以下に示すのは、樹脂射出成形パーツを製造する際に問題となる典型的な外観不良と、それらの問題を避ける8つのコツです。

1.成形されたパーツの「ヒケ」を避ける

ヒケは成形されたパーツの表面に現れる緩やかな窪みです。一般的に適正な肉厚よりも厚すぎる、パーツの肉厚が不均一である、あるいは不適切なゲート位置(融解した樹脂を金型に流し込む入口)がその原因になります。ポリプロピレン(PP)やアセタール(POM)をはじめとするいくつかの樹脂はヒケが生じ易い一方、ガラス繊維などを含有した樹脂の場合にはヒケが生じにくい性質があります。

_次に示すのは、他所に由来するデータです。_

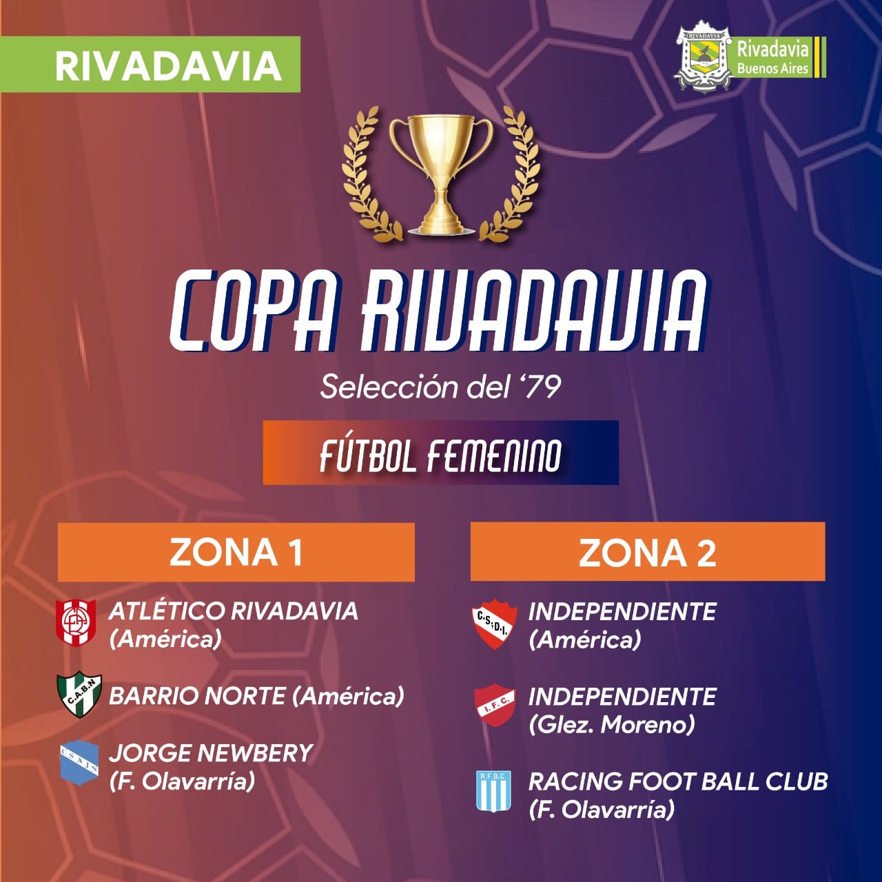 El pasado miércoles 26/1 se realizó el sorteo de las zonas de competencia de la Copa Rivadavia “Selección del 79´”. Estuvieron presentes el Intendente Municipal Interino, Joaquín Laxagueborde; el Secretario de Gobierno, Juan Aranguez; el Director de Deportes, Damián Morales; autoridades de la Liga del Oeste; y representantes de cada uno de los clubes participantes.

樹脂の種類に応じた推奨肉厚についてはプロトラブズのWebページに公開していますので、ご活用ください。また、金型内部での樹脂の流動方向は、可能な限り肉の厚い部分から薄い部分へ流れるよう考慮し、適切なゲート仕様・肉厚等を設定することでヒケを防止できる可能性があります。

2.射出成形の際の反りを避ける

使用する樹脂の適切な厚みと比較して薄すぎるパーツは、反りが発生してしまう可能性がありますが、一般的な肉厚のガイドラインに沿って設計することである程度対策することができ、ヒケ対策と同様の方法となります。また、ガラス繊維含有の材料は樹脂の流れに沿った繊維配向により繊維が向いている方向とその直行方向とで収縮差が異なることで反りが発生しやすくなります。対策として、薄肉部分を補強するガセット(補強用の板形状)やリブ構造を設けることが、比較的有効な方法となります。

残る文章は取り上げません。